____ Records for the task
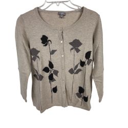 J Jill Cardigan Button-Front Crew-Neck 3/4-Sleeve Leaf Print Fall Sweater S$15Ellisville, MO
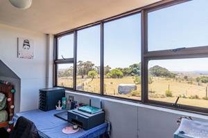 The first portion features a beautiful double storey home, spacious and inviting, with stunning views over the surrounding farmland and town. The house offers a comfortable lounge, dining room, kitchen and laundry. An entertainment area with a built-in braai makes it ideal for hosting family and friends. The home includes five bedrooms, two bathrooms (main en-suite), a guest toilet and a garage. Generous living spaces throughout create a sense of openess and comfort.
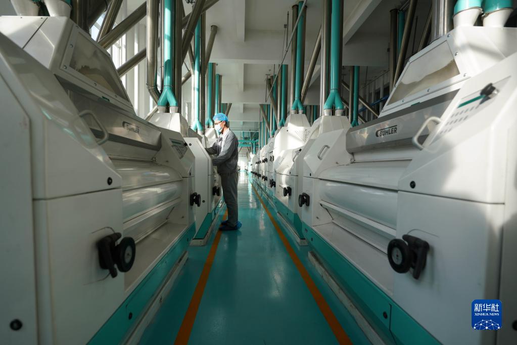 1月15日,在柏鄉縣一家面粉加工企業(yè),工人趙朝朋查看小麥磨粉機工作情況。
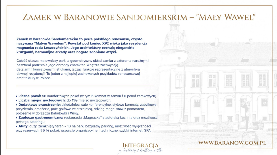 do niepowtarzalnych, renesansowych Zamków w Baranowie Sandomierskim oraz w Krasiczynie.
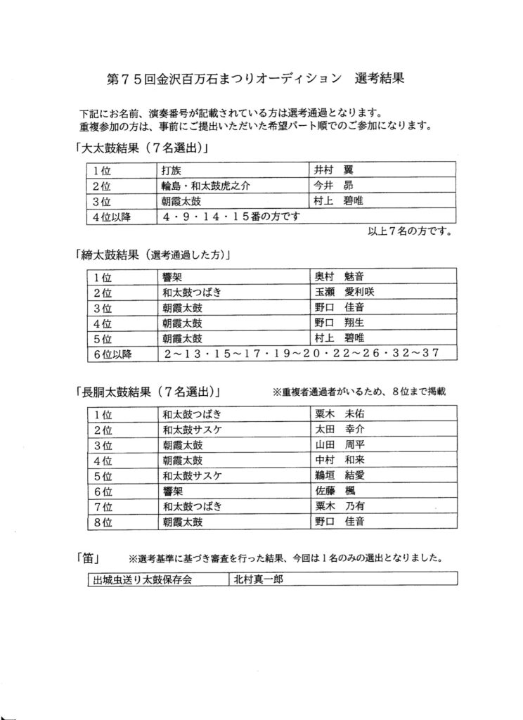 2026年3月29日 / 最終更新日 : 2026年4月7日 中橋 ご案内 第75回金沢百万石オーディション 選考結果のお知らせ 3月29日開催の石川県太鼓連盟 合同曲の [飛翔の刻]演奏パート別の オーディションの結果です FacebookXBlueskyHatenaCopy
________
--- What to produce ---
Please transcribe all of the records above exactly, leaving out any pictures.

--- Response below ---
 J Jill Cardigan Button-Front Crew-Neck 3/4-Sleeve Leaf Print Fall Sweater S$15Ellisville, MO
 The first portion features a beautiful double storey home, spacious and inviting, with stunning views over the surrounding farmland and town. The house offers a comfortable lounge, dining room, kitchen and laundry. An entertainment area with a built-in braai makes it ideal for hosting family and friends. The home includes five bedrooms, two bathrooms (main en-suite), a guest toilet and a garage. Generous living spaces throughout create a sense of openess and comfort.
 1月15日,在柏鄉縣一家面粉加工企業(yè),工人趙朝朋查看小麥磨粉機工作情況。
 do niepowtarzalnych, renesansowych Zamków w Baranowie Sandomierskim oraz w Krasiczynie.
 2026年3月29日 / 最終更新日 : 2026年4月7日 中橋 ご案内 第75回金沢百万石オーディション 選考結果のお知らせ 3月29日開催の石川県太鼓連盟 合同曲の [飛翔の刻]演奏パート別の オーディションの結果です FacebookXBlueskyHatenaCopy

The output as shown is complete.